In Murphy, the Supreme Court addressed the State of New Jersey’s challenge to PAPSA’s language making it unlawful for a governmental entity to “sponsor, operate, advertise, promote, license, or authorize by law or compact” sports gambling. See 28 U.S.C. § 3702(1). At issue was a 2014 New Jersey law, which repealed provisions of an older law prohibiting certain sports wagering in Atlantic City. 200 L. Ed. 2d at 868. The major professional sports leagues and NCAA challenged the New Jersey law, and prevailed both in the district court and the Third Circuit. Id. at 868-869.

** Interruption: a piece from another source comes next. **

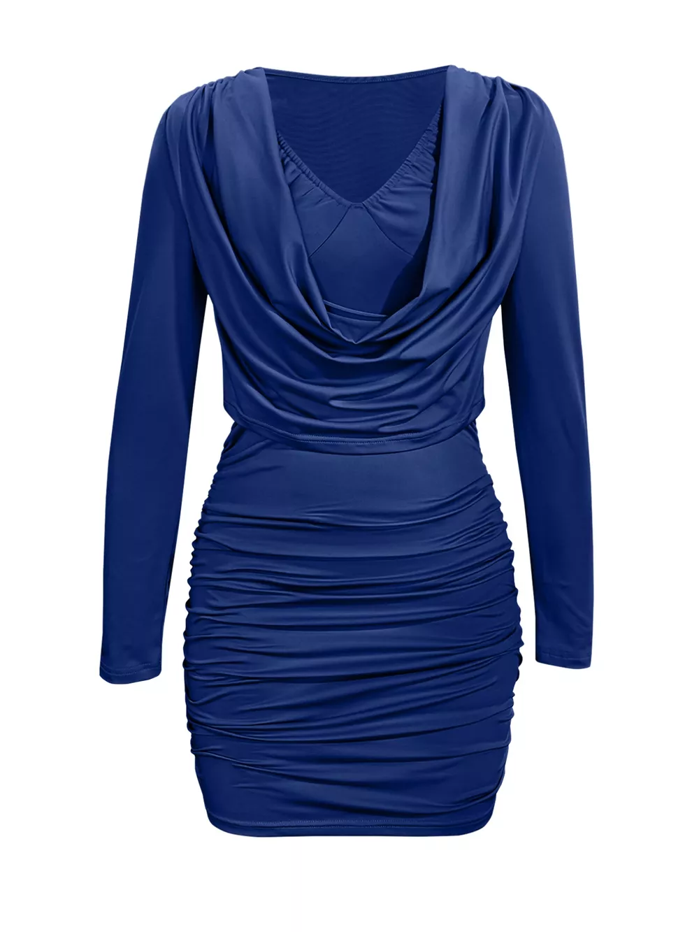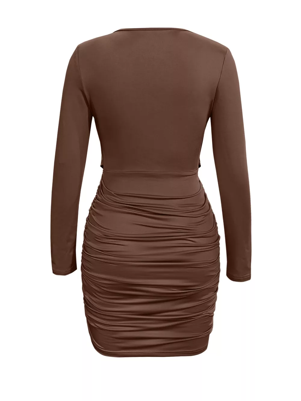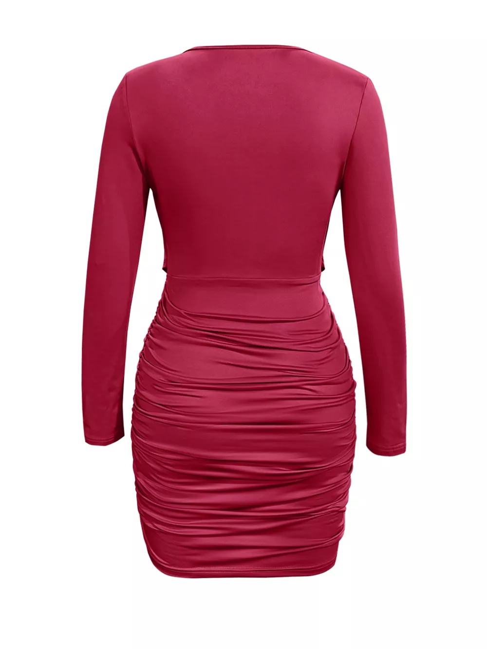 Draped V-Neck Long Sleeve Bodycon Mini Dress

The Supreme Court reversed, determining that § 3702(1) of PAPSA “unequivocally dictate[d] what a state legislature may and may not do” and therefore violated the anti-commandeering rule – a rule meant to protect the concept of federalism embodied in the Constitution and the Tenth Amendment. See 200 L. Ed. 2d at 872-875. The court went on to conclude that PAPSA’s remaining provision, barring private actors from operating or advertising sports gambling under the color of state law, was not severable and therefore unconstitutional. Id. at 878-882.

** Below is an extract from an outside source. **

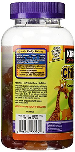 Kirkland Signature Complete Children's Multivitamin Gummies are a perfectly balanced formulation of key vitamins and minerals to support the healthy growth and development of children. These gummies are wildly delicious! Natural fruit flavors in orange, cherry and green apple. Designed specifically to meet the nutritional needs of children who may not be able to get enough vitamins from diet alone.Feature

Murphy does not, of course, prohibit Congress from directly regulating sports gambling – perhaps through the Commerce Clause (see id. at 882) – but as it stands, the holding opens the door for new states to enter into the sports gambling arena. This, in turn, creates an intriguing possibility for expansion with respect to blockchain technology. Blockchain technology’s benefits, including the security and efficiency that a distributed ledger can provide, would seem particularly applicable to sports gambling. The technology could assist bettors and regulators alike through the introduction of verifiability and trust with respect to matters such as a prospective bettor’s wherewithal to make a wager and to the flow of money relating to wagers. The latter, in particular, could assuage fears regarding money laundering or tax evasion, and could potentially serve as a method for detecting match fixing or other untoward activity, potentially obviating the need for further federal regulation.
These advantages are not surprising, of course, because one of the anticipated benefits blockchain technology is the institution of efficient, self-authenticating systems, and the consequent elimination of regulatory and administrative costs associated with establishing security, stability, and verifiability. With the Murphy decision, a door may have opened for blockchain technology to demonstrate how it can serve this function.